■ **Aim of the exercise**
Your output must be the lines below from the line containing "සැදැහැවතුන් පේලියට සිට" to the line containing "В 2010 году", both lines included, reproduced exactly and without pictures.

■ **Records to use**

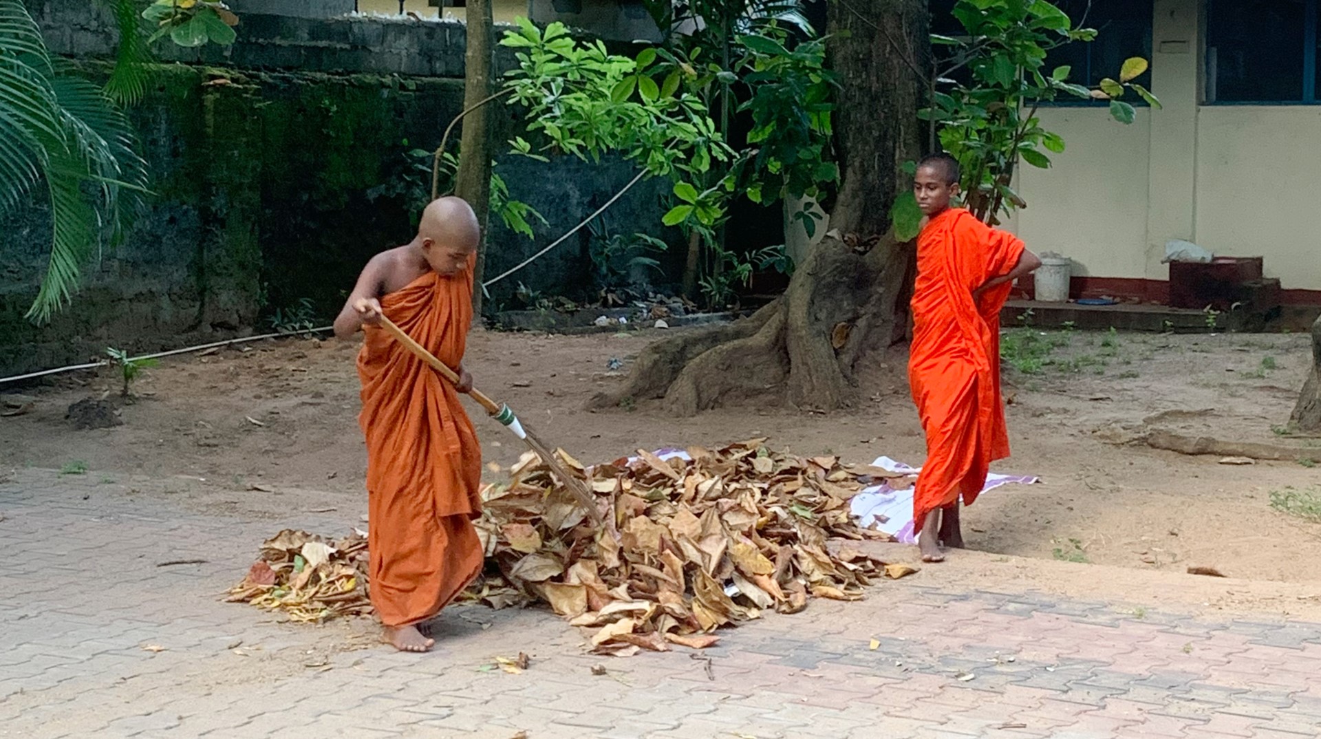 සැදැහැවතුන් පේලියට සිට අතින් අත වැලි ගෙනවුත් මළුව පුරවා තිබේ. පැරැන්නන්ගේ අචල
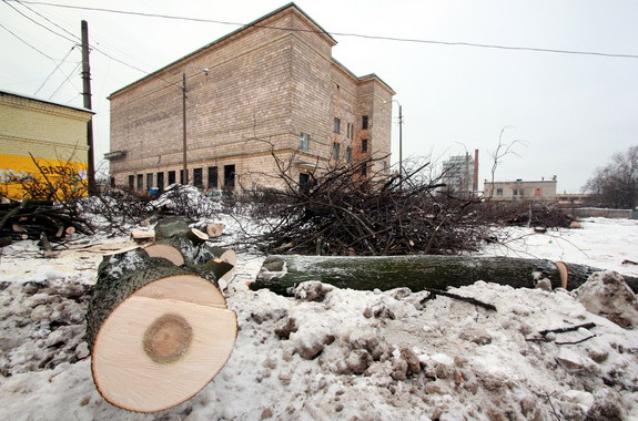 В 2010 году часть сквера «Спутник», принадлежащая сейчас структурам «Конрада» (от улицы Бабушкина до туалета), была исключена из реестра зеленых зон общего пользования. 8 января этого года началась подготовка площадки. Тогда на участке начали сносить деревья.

==

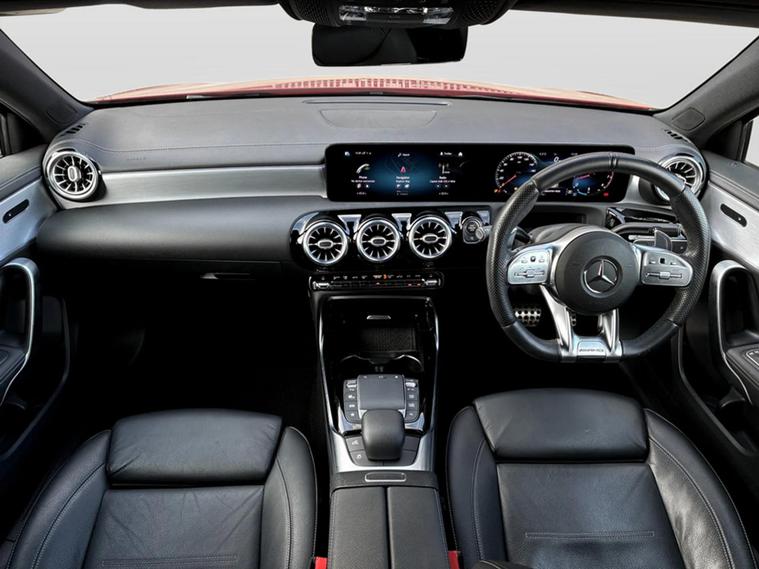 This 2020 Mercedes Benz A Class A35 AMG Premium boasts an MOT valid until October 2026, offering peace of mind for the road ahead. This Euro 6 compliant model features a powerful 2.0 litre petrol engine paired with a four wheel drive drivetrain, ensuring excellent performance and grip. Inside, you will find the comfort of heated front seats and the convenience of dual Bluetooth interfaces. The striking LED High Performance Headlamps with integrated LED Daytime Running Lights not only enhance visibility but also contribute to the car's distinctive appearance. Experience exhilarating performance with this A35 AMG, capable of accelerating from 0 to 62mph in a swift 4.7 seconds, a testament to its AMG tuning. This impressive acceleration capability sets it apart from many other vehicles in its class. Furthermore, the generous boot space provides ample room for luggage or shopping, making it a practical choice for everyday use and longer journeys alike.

■ **Your response**
 සැදැහැවතුන් පේලියට සිට අතින් අත වැලි ගෙනවුත් මළුව පුරවා තිබේ. පැරැන්නන්ගේ අචල
 В 2010 году часть сквера «Спутник», принадлежащая сейчас структурам «Конрада» (от улицы Бабушкина до туалета), была исключена из реестра зеленых зон общего пользования. 8 января этого года началась подготовка площадки. Тогда на участке начали сносить деревья.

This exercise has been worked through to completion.